In the other direction, suppose we have a sequence of unions z1..zj that solves the Ensemble Computation problem.  There may be multiple possible solutions to this problem, let’s look at the shortest sequence, and also the one that has the least number of operations that make a z set out of 2 elements of V (and not a0)  It turns out that since we have a minimum length sequence, the only reason to union 2 elements u and v from V together would be because (u,v) is an edge in E, and we want to union in a0 later to make the set {a0, u, v} in C.  But then we can rearrange the order and union a0 with u first, and union that result with v to get the same element of C in the same number of steps.  So this means that our sequence has 2 kinds of operations:

1. Unions of some vertex with a0
2. Unions of one of the above sets with a vertex to make an element in C.

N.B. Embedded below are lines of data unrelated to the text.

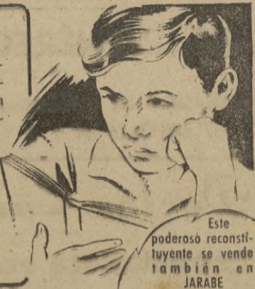
Este poderoso reconstituyente se vende también en JARABE

El esfuerzo mental del estudio, que es un desgaste nervioso, puede ser peligroso para un muchacho de constitución débil; por ello le conviene tomar diariamente Compridos Salud cuya composición a base de fosforo, calcio y hierro fortalece el organismo, tonifica el sistema nervioso y aleja el peligro de anemia.
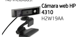
Cámara web HP 4310 H2W19AA
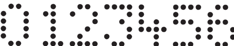
20 mm, matrice 4 x 6, Ø d'aiguille 2,3 mm
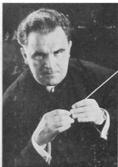
GENERALMUSIKDIREKTOR WILHELM SCHUCHTER
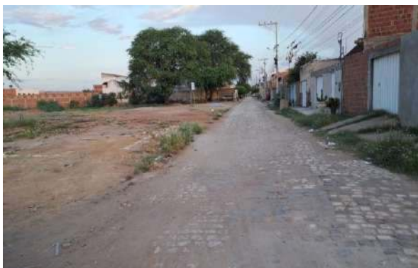
MANUTEN. PAV. PALELEPÍPEDO - RUA RIO DE JANEIRO
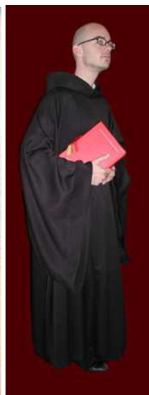
M4 – Benediktinermönch mit Ordenstracht
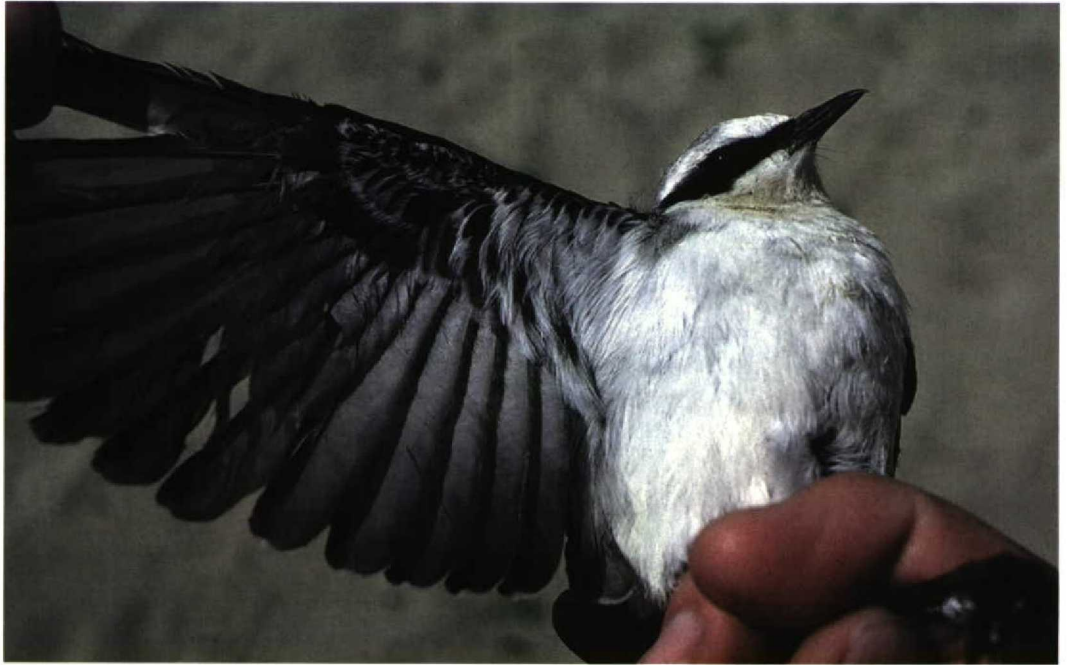
166 Northern Wheatear / Tapuit Oenanthe oenanthe , Omer Gölü, Turkey, 23 April 1987 Note dark underwing

noticeably darker than the underparts, with a sharper contrast between them. Northern always appears very contrasting and at distance the body looks bicoloured, not homogeneous as Isabelline. There have been rare reports of some very pale Northern, chiefly first-winter birds, in which such contrast is similar to that in most Isabelline, though the whole body never appears as homogeneous as in the latter species. Beware also of leucistic or aberrant, oddly coloured Northern. These
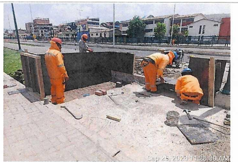
Encofrado de banca de parklet, prog. 3+720 lado derecho.
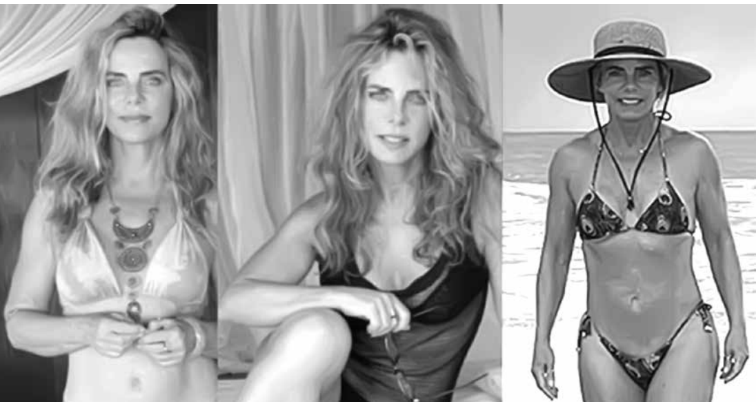
Bruna Lombardi: aos 65 anos quebrando tudo

We know that there are |E| of the second kind of union (because there are |E| elements in C), and so there must be K of the first kind of union.  So the vertices we union directly with a0 must be of size K, and since one of them gets combined in each set in C (and thus is a part of each edge in E), must be a vertex cover.

Difficulty: 6. This is one of those “the description is harder than the actual problem” problems.  All of the talk of sequences and unions and things looks scary, but the actual problem isn’t that bad.  As for the actual reduction, I think it would be a good hard homework problem.  One trap I see is that the need for a0 might not be obvious (it’s there to force us to “choose” the VC vertices and commit them to be a step in our sequence).  So maybe that needs to be a hint.